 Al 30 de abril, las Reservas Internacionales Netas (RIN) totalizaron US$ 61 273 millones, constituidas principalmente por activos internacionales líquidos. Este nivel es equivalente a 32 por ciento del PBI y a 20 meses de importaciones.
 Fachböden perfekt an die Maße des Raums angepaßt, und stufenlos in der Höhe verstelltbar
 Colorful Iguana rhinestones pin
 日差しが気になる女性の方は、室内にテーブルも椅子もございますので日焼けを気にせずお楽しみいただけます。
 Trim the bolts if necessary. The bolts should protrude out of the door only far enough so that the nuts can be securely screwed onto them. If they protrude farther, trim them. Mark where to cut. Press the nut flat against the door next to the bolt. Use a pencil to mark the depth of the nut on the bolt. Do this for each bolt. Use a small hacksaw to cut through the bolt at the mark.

◆ ◆ ◆

▸ **WHAT YOU SHOULD DO**
Please give back exactly the lines of this listing beginning at the line with "Fachböden perfekt an" and ending with the line with "日差しが気になる女性の方は、", both included, and nothing else.

▸ **ANSWER SECTION**
 Fachböden perfekt an die Maße des Raums angepaßt, und stufenlos in der Höhe verstelltbar
 Colorful Iguana rhinestones pin
 日差しが気になる女性の方は、室内にテーブルも椅子もございますので日焼けを気にせずお楽しみいただけます。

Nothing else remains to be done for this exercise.